EXERCISE REQUIREMENTS: Every line from the one with "在位于海南三亚的试验田里,农" through the end of the material below, both ends included, should be transcribed exactly, without pictures.

PROVIDED RECORDS:
== Segment start ==
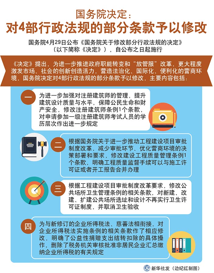 為進(jìn)一步推進(jìn)政府職能轉(zhuǎn)變和“放管服”改革,更大程度激發(fā)市場(chǎng)、社會(huì)的創(chuàng)新創(chuàng)造活力,營(yíng)造法治化、國(guó)際化、便利化的營(yíng)商環(huán)境,國(guó)務(wù)院對(duì)涉及的行政法規(guī)進(jìn)行了清理。經(jīng)過(guò)清理,國(guó)務(wù)院決定:對(duì)4部行政法規(guī)的部分條款予以修改。
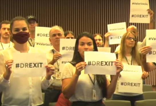 Servidores do Banco Central fizeram um protesto silencioso, mas visual, durante o Encontro Anual Drex 2023, que ocorreu nesta quinta-feira (7) em Brasília, sede do órgão no país. Com cartazes onde se liam as hashtags “valorização” e “Drexit”, os profissionais reivindicaram melhores salários e progressão de carreira, considerada assimétrica em comparação a outras posições do funcionalismo público federal.
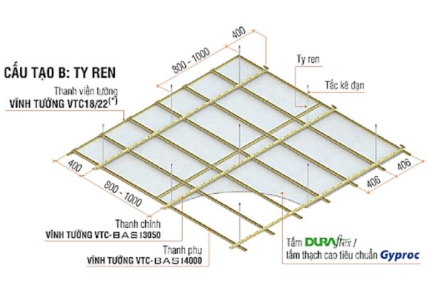 Cách tính khung xương dầm thạch cao lắp trần thả
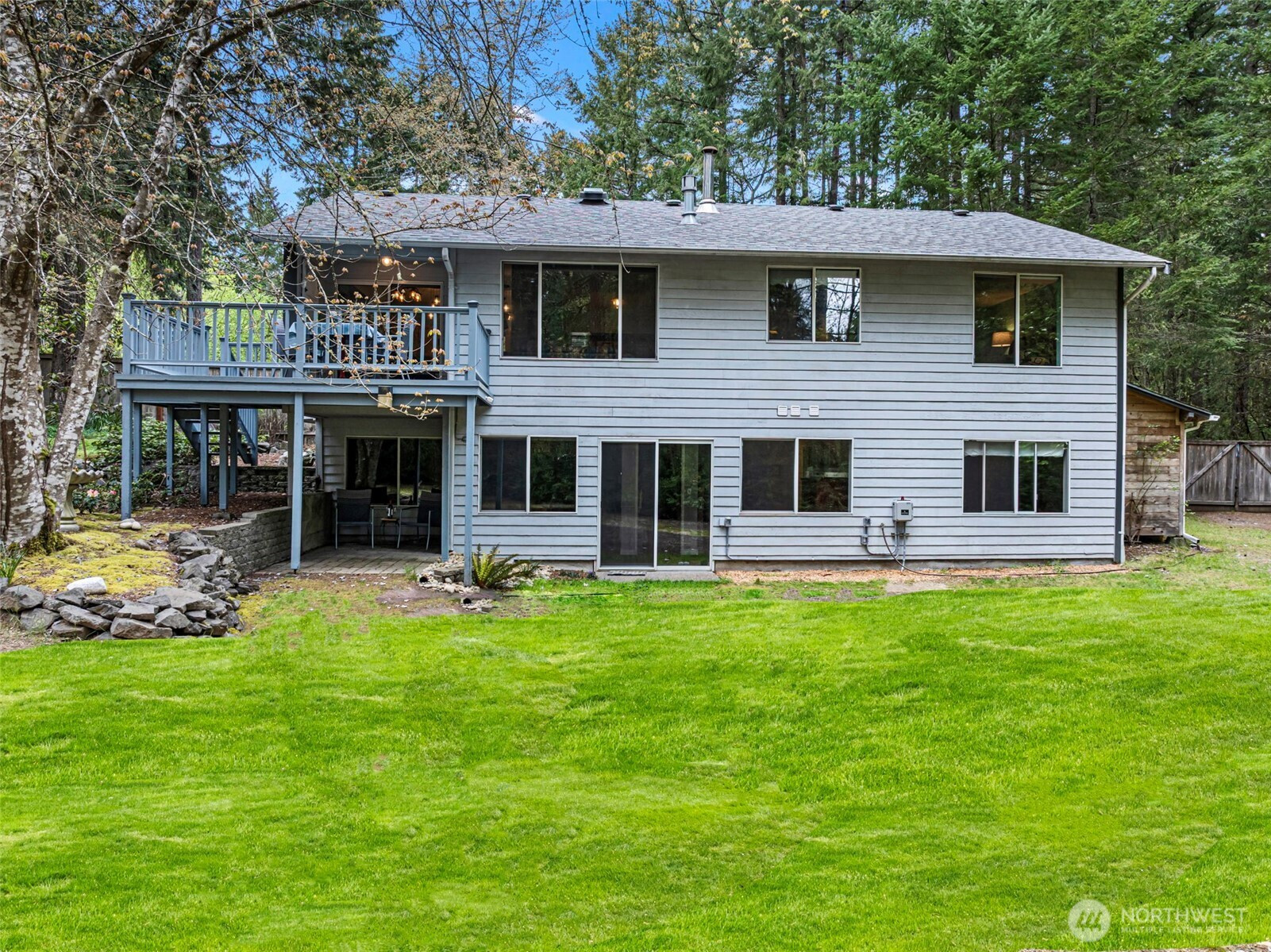 A very well cared for home on 1.2 private acres, just minutes to downtown Gig Harbor. Great outdoor space includes a new upper deck, perfect for quiet meals/evening cocktails, yard has a firepit, full fencing, and a nice outlook & secluded feel. Primary bedroom on main. The walkout daylight basement adds a full bath and spacious family room — perfect for guests, a rec room, or whatever you need. Comfortable living here with easy access to shopping, dining, schools and highway.
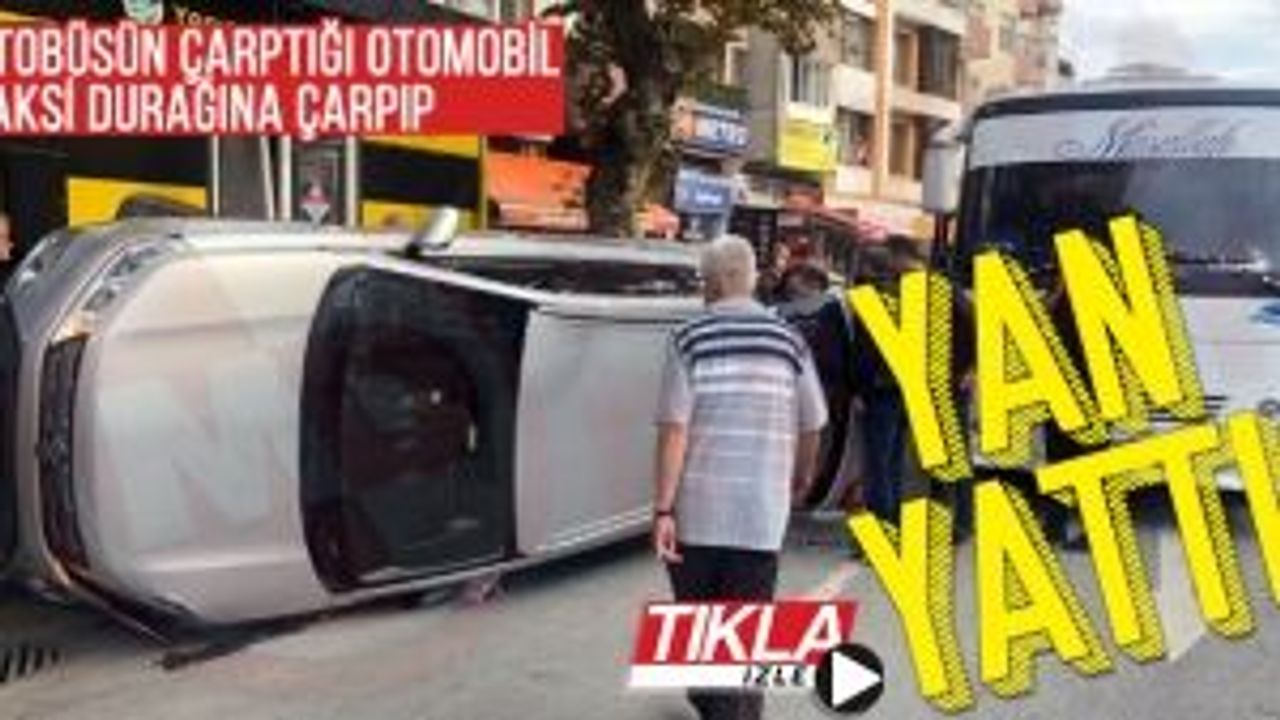 Otobüsün çarptığı otomobil taksi durağına çarpıp yan yattı
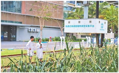 在位于海南三亚的试验田里,农业科研工作者使用轨道式高通量植物表型采集平台收集玉米性状信息。董 旭摄(人民视觉)
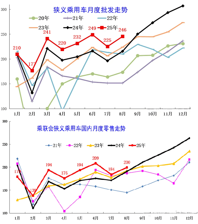 首先看零售,8月份零售市場銷量199.5萬輛,同比增長4.6%,這對于淡季的8月份來說,內卷之下還有增長已經實屬不易,也代表著反內卷浪潮,正推動車市向平緩的方向轉變。
== Segment end ==
TASK OUTPUT:
 在位于海南三亚的试验田里,农业科研工作者使用轨道式高通量植物表型采集平台收集玉米性状信息。董 旭摄(人民视觉)
 首先看零售,8月份零售市場銷量199.5萬輛,同比增長4.6%,這對于淡季的8月份來說,內卷之下還有增長已經實屬不易,也代表著反內卷浪潮,正推動車市向平緩的方向轉變。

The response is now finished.